Muchos ruidos que escuchas por la noche no son vocalizaciones. Los hámsters suelen estar más activos al atardecer y durante la noche, así que es normal oír la rueda, el sustrato moviéndose, semillas que caen, túneles que se reorganizan o pequeños golpes al transportar comida. Estos sonidos suelen indicar que el animal está desarrollando conductas normales como explorar, excavar, correr y almacenar alimento.

Si el ruido viene de una rueda inestable, conviene ajustarla o cambiarla por una más segura y silenciosa. La rueda debe ser sólida, sin barrotes y del tamaño adecuado para que el hámster corra con la espalda recta. Una rueda pequeña o mal colocada no solo hace más ruido, también puede resultar incómoda. El objetivo es que pueda ejercitarse de forma natural y segura.

También es normal que mueva el sustrato, reorganice el nido o arrastre material durante la noche. No hay que deshacer constantemente sus túneles o escondites si están limpios y seguros. Para un hámster, su olor y su distribución del espacio son importantes. Respetar parte de esa organización ayuda a que viva con menos estrés.

Ruidos entre hámsters: una señal que no debes ignorar

Si tienes dos hámsters juntos y escuchas chillidos, persecuciones, golpes o peleas, no lo interpretes como juego. La mayoría de hámsters, especialmente el hámster sirio, deben vivir solos. Incluso en hámsters enanos, la convivencia puede generar conflictos, estrés y heridas. Los sonidos entre dos hámsters pueden ser una advertencia de tensión territorial.

Un hámster que chilla mientras otro lo persigue, que no puede acceder a la comida, que vive escondido o que aparece con marcas en el cuerpo necesita separación inmediata en hábitats completos e independientes. No basta con añadir otra caseta o más comida si ya hay conflicto. Cada animal debe tener su propio espacio, rueda, agua, refugios y sustrato para evitar competencia y agresiones.

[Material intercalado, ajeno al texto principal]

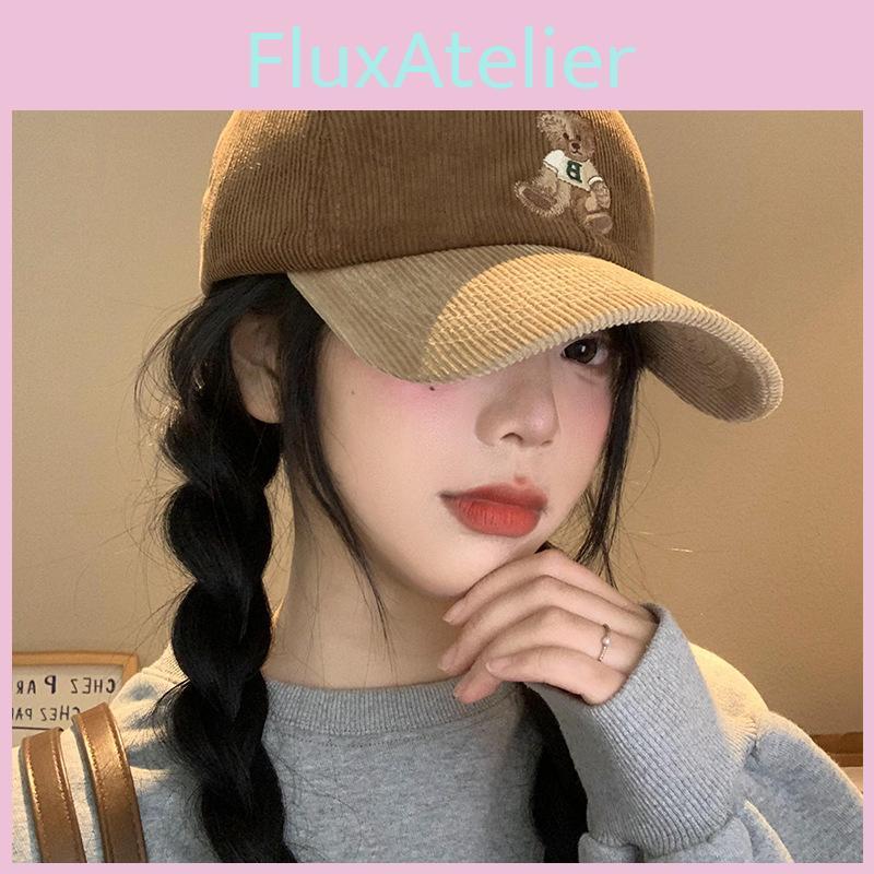 Corduroy Bear Cozy Embroidered Cap For Women In Stylish Colors For Winter Fall
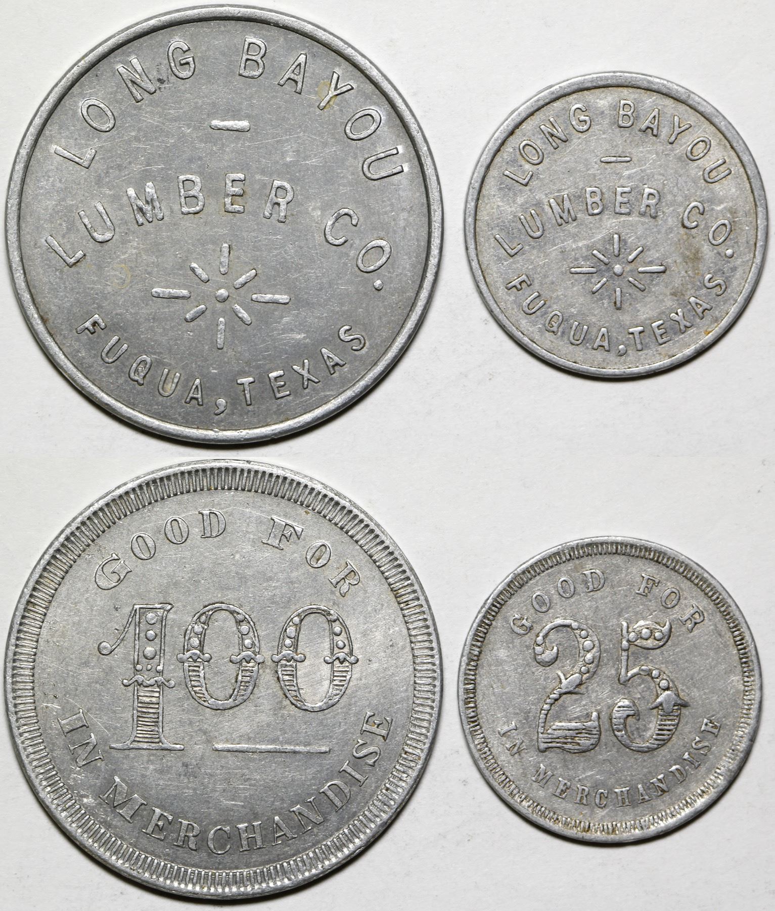 Two tokens, GF 25 and 1.00 IM. Very Clean condition. State: Texas City: Fugua Date: HWAC# 85350

Si hay mordiscos, heridas, sangrado, pérdida de pelo, cojera o apatía tras una pelea, conviene consultar con un veterinario especializado en animales exóticos. Las lesiones pueden parecer pequeñas, pero en un hámster pueden complicarse. La prevención más segura suele ser mantener un solo hámster por jaula.

Cuándo preocuparse y qué hacer

Debes preocuparte si el ruido aparece junto a síntomas físicos o cambios claros de conducta. Son especialmente importantes los ruidos respiratorios, los chillidos repetidos, los sonidos de dolor al moverse, la apatía, la falta de apetito, la diarrea, las heridas, los bultos, la pérdida de equilibrio o cualquier cambio brusco en un hámster que antes actuaba con normalidad. En esos casos, lo prudente es buscar una valoración veterinaria.

  • Observa el contexto: cuándo ocurre, qué estaba haciendo y si se repite.
  • Revisa el entorno: sustrato, ventilación, rueda, refugios, ruido, temperatura y limpieza.
  • No lo fuerces: si chilla o castañetea, dale espacio y reduce la manipulación.
  • Evita remedios caseros: no uses medicamentos humanos, sprays ni productos irritantes.
  • Consulta si hay síntomas: respiración rara, heridas, apatía o falta de apetito requieren atención.

Escuchar a tu hámster significa interpretar sus sonidos junto con su lenguaje corporal y su rutina. Un ruido puntual puede no tener importancia, pero un cambio repetido puede revelar miedo, estrés o un problema de salud. Con una jaula adecuada, manejo tranquilo, buena higiene y observación diaria, será más fácil distinguir entre sonidos normales y señales que necesitan una respuesta rápida y responsable.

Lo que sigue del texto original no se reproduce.